Christine M. Cole currently serves as Executive Director of the Crime and Justice Institute, a division of Boston’s 136 year old non-profit, Community Resources for Justice.  As Executive Director, Christine oversees a team of 20 working to increase safety and justice, reduce the reliance on incarceration, and instill cost effective and research based practices in over two dozen states.  A CJI team, including Christine, is conducting a study of the COPS funded Collaborative Reform Initiative, and Christine serves on the monitoring team for Antelope County CA.  

Prior to her role at CJI, Christine was the Executive Director of the Program in Criminal Justice Policy and Management at Harvard Kennedy School.  In addition to supervising staff engaged in safety and justice reform work with governments and international multilateral agencies in Africa, Asia, the Caribbean, and South Pacific, Christine co-chaired and facilitated the NIJ funded Executive Session on Policing and Public Safety from 2008-2014.  With police and union executives and scholars as members, the group produced 20 original papers drawing from confidential conversations at Harvard Kennedy School.  Christine is one of three authors of the often cited 2008 study of the Los Angeles Consent Decree and the study of the response to the Boston Marathon bombings called Why Was Boston Strong?  
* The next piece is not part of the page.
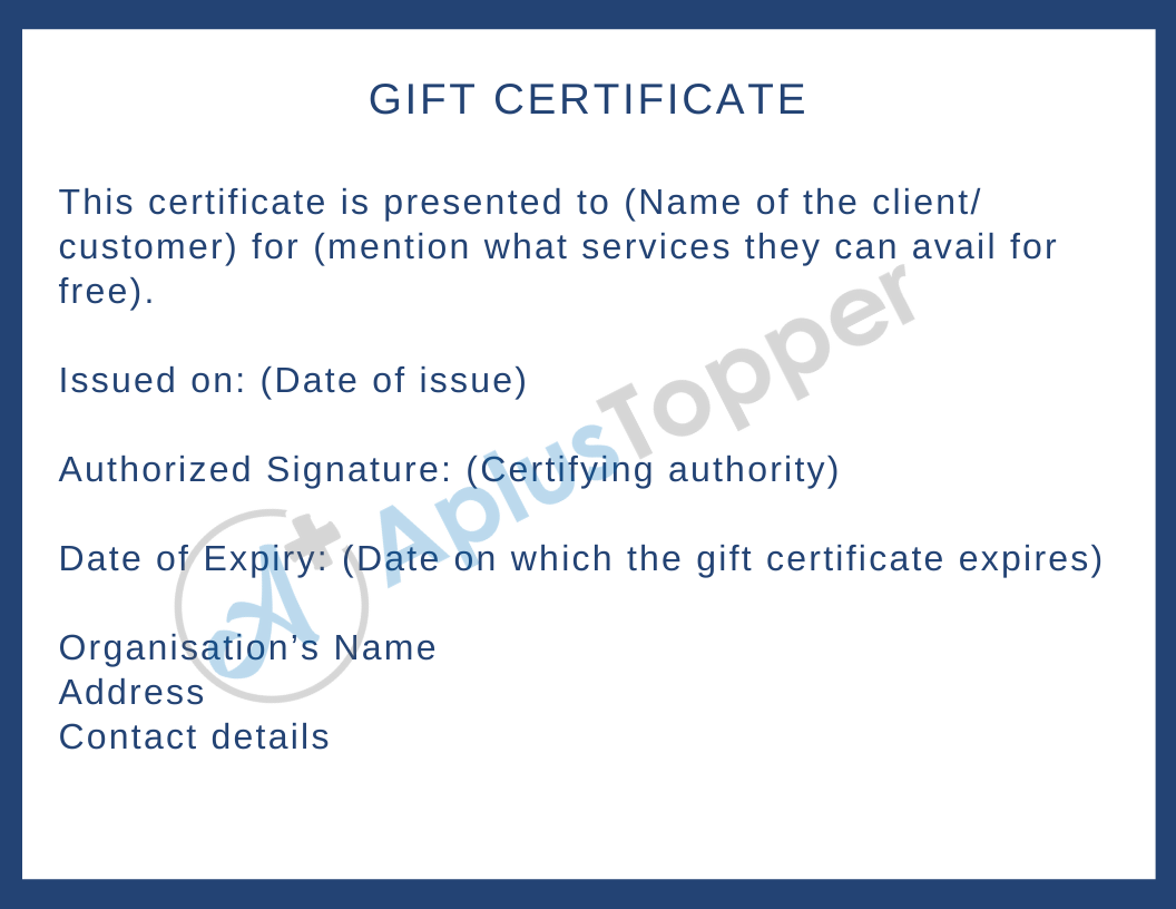 | GIFT CERTIFICATE This certificate is presented to (Name of the client/ customer) for (mention what services they can avail for free). Issued on: (Date of issue) Authorized Signature: (Certifying authority) Date of Expiry: (Date on which the gift certificate expires) Organisation’s Name Address Contact details |

Christine has worked in two municipal police agencies in Massachusetts as a Community Liaison/Policy Advisor and later as Director of Business and Technology.  Christine also served as Chief of Staff for the Secretary of the Massachusetts Executive Office of Public Safety, the governor’s policy advisor for criminal justice and homeland security.  This office has financial, policy and managerial oversight of all executive branch safety and justice agencies.  Christine also has experience as part of a prosecution team in her eight years as victim witness advocate.  Christine has presented and taught to audiences in the US and abroad on community corrections, police-community engagement, coordinated crisis response of government agencies and linking safety and justice reform to good governance.